* [Supplied material]:
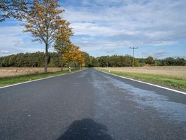 The autumnal landscape in Germany's rural countryside is a sight to behold, with its lush vegetation, clear sky, and horizon of green fields and woods. The tar road surface winds through the natural environment, with sunlight filtering through the leaves of a tree, while a distant twig casts its profile against the cloud-filled sky.
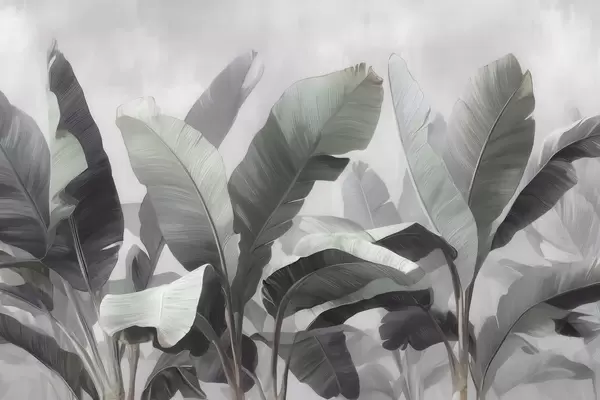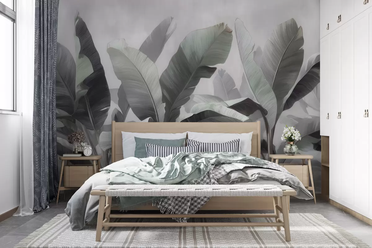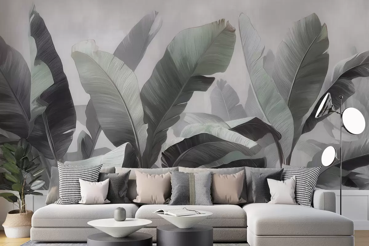 Fotobehang Abstracte afbeelding van grote tropische bananenbladeren in een neutraal kleurenpalet met zachte grijsgroene tinten N° w09805
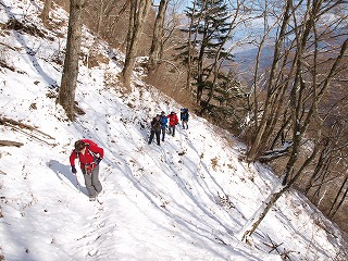 雲に覆われた南アルプス側から吹きつける風も、うまい具合に頂上には当たらないが、とはいっても寒い。そそくさと昼を終えると下山にかかった。帰りは堂平への道を下る。北向きをたどることの多い径は登りより雪が深いが、そのおかげで膝は楽である。

* [What the task asks]:
Copy out every line of the data exactly, leaving the images behind.

* [Answer to the exercise]:
 The autumnal landscape in Germany's rural countryside is a sight to behold, with its lush vegetation, clear sky, and horizon of green fields and woods. The tar road surface winds through the natural environment, with sunlight filtering through the leaves of a tree, while a distant twig casts its profile against the cloud-filled sky.
 Fotobehang Abstracte afbeelding van grote tropische bananenbladeren in een neutraal kleurenpalet met zachte grijsgroene tinten N° w09805
 雲に覆われた南アルプス側から吹きつける風も、うまい具合に頂上には当たらないが、とはいっても寒い。そそくさと昼を終えると下山にかかった。帰りは堂平への道を下る。北向きをたどることの多い径は登りより雪が深いが、そのおかげで膝は楽である。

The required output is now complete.